Since the so called ‘express divorce’ came in the number of marriages ending has shot up. We report on this phenomenon.

The so-called "express divorce," to which Spanish couples have been able resort for the past two years, has strengthened the rising trend in the number of marriage dissolutions in Spain.

The conclusion results from the data released Thursday by the INE national statistics institute on marriage annulments, separations and divorces in 2006, during which there were a total of 145,919 marriage dissolutions, 6.5 percent more than in 2005.

The average duration of the almost 146,000 marriages that were dissolved was 15.1 years, but most of the separations came after 20 years of married life.
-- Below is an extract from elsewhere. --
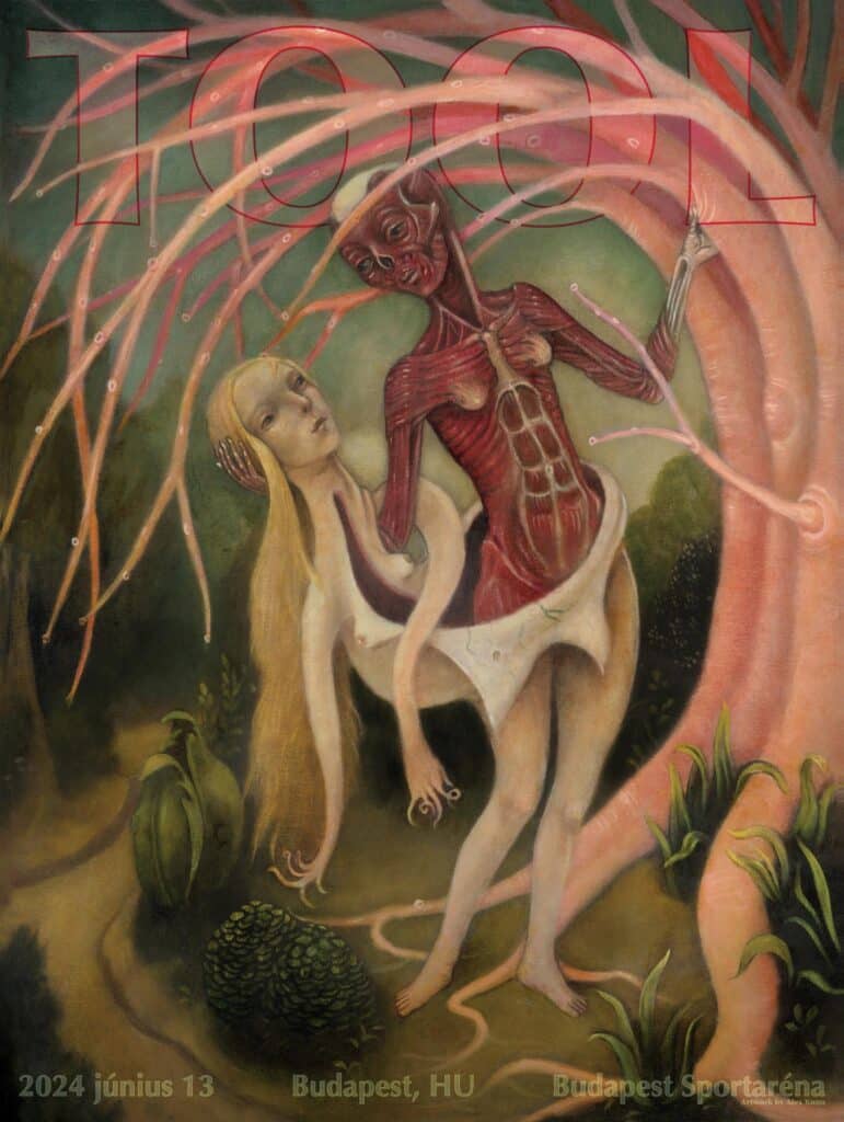 Mert amellett, hogy akkurátusan majdnem minden fontosabb momentumot felsoroltam, talán a leglényegesebb dolog elkerülte a figyelmünket. A TOOL úgy vált ez alatt a 34 év alatt a világ egyik legikonikusabb, pszichedelikus kult rockzenekarává, hogy sosem akart az lenni. Ki gondolta volna, hogy ez a Los Angeles-i négyes, egyszer stadionokat / arénákat fog megtölteni több tízezer emberrel? Nyílván ott lebeghetett vagy vibrált finoman ez a gondolat a fejükben, ki tudja… Az biztos, hogy 2024-ben újból felénk kanyarodtak az Európa turnékörútjuk alkalmával, méghozzá a szintén kaliforniai államból származó Night Verses zenekar társaságában. Micsoda grandiózus konstelláció – mondtam is magamban, ahogy megtudtam, hogy ők lesznek a kisérőpartner ezen a turnén. A TOOL mindig is remek érzékkel választotta ki a velük együtt játszó bandákat, ez alól talán csak a 2022-es EU turnétárs, a Brass Against volt kivétel (akik amellett, hogy kiváló zenészek, inkább MÁS miatt lettek ismertek) de volt már Primus, Mastodon, Meshuggah, Author & Punisher és Elder is, sorolhatnám napestig.

The most curious thing about the figures is that, of the total number of dissolutions, 126,952 were divorces, 74.3 percent more than in 2005, 18,793 were separations, 70.7 percent fewer than the year before, and 174 were nullifications, 3.6 percent more than the previous year.
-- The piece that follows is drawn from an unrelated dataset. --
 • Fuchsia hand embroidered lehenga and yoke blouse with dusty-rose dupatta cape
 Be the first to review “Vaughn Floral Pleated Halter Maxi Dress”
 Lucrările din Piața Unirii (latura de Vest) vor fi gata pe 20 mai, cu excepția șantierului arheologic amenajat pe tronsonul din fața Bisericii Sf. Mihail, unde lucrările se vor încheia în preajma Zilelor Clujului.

The disparate evolution in the percentage change in separations and divorces began in 2005, when the legislative reform creating the "express divorce" - by which a couple can divorce without the need to have already undergone a separation - went into effect.

The INE emphasized the exceptional increase in the marriages dissolved after less than a year - 330.6 percent greater than in 2005 - a result that is also attributed to the implementation of the express divorce.

Focusing on the type of marriage rupture, 65.3 percent of the divorces were uncontested and 34.7 were non-consensual.

The majority of the broken marriages, 51.3 percent, included minor children, while in 44.9 percent of the cases the couples did not have any children.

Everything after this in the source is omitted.